放棄你以往所認知建立最強密碼的方法,並使用這個新的方法
Scrap everything you know about creating strong passwords and do this instead
Jane Burnett LADDERS
2019-05-30 11:00:00
https://www.theladders.com/career-advice/scrap-everything-you-know-about-creating-strong-passwords-and-do-this-instead
Scrap everything you know about creating strong passwords and do this instead
The man behind how we commonly think of devising passwords says he “regrets” his advice.
You know the drill: make a password with a hodgepodge of special characters, numbers, and letters, then change it periodically – or just ignore change alerts until a hacking scandal suddenly arises.
You may want to rethink your strategy.
Bill Burr, the man behind how we commonly think of devising passwords, recently told The Wall Street Journal, “much of what I did I now regret.”
The password creation shakeup
The retired 72-year old was reportedly a manager at The National Institute of Standards and Technology (NIST) back in 2003 when he wrote “NIST Special Publication 800-63. Appendix A,” featuring the password guides we’ve held true for years now.
According to The Wall Street Journal, this included, namely, the rule that passwords should be a combination of numbers, special characters, and uppercase letters, which you change every 90 days.
Why is Burr changing his tune years later?
He reportedly had to produce the rules quickly and wanted them to be based on research, but he had no “empirical data on computer-password security.” So he turned to a white paper from the 1980s.
Burr told The Wall Street Journal that his advice has led people astray because those rules were probably too challenging for many to understand and caused people to use passwords that were not too difficult to crack.
In June, the NIST released new guidelines, which don’t call for “special characters” or changing passwords frequently anymore. Instead, the NIST says the rules now preach “long, easy-to-remember phrases” and just coming up with new ones “if there is a sign they may have been stolen.”
A xkcd comic by Randall Munroe from August 2011 shows that figuring out the password “Tr0ub4dor&3” would take three days to solve, according to the cartoonist’s calculations, compared to the words “correct horse battery staple” typed as a single word, which would take a staggering 550 years to solve. Computer-security specialists found this to be true.
Be careful changing passwords
You may also want to rethink how often you update your password. This practice can place us at risk if we take the wrong approach.
When we repeatedly change passwords, we don’t always change them properly.
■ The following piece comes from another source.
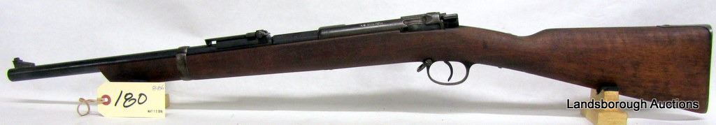 NON-RESTRICTED, SINGLE SHOT, 43 MAUSER, 19 1/2" BARREL, SN 5606. WOOD HAS SOME DENTS AND SCRATCHES, BLUING TURNING BROWN, BORE HAS SOMR PITTING. BARREL CUT DOWN, BOLT DROPS OUT.

Professor Alan Woodward of the University of Surrey told BBC News that NIST publications have a far reach, giving the rules “a long lasting impact.” But he also mentioned “a rather unfortunate effect”:
For example, the more often you ask someone to change their password, the weaker the passwords they typically choose. . . . And, as we have all now so many online accounts, the situation is compounded so it encourages behaviours such as password reuse across systems.
Steer clear of these password options
So if you’re looking to change your password soon, don’t pick these.
SplashData, which supplies password management applications, released the 2015 version of its “Worst Passwords List.” Here are the top 10 worst ones featured:
1. 123456
2. password
3. 12345678
4. qwerty
5. 12345
6. 123456789
7. football
8. 1234
9. 1234567
10. baseball
Morgan Slain, CEO of SplashData commented on the findings in a statement.
Embracing the new way of thinking when it comes to passwords just might keep your online accounts out of harm’s way.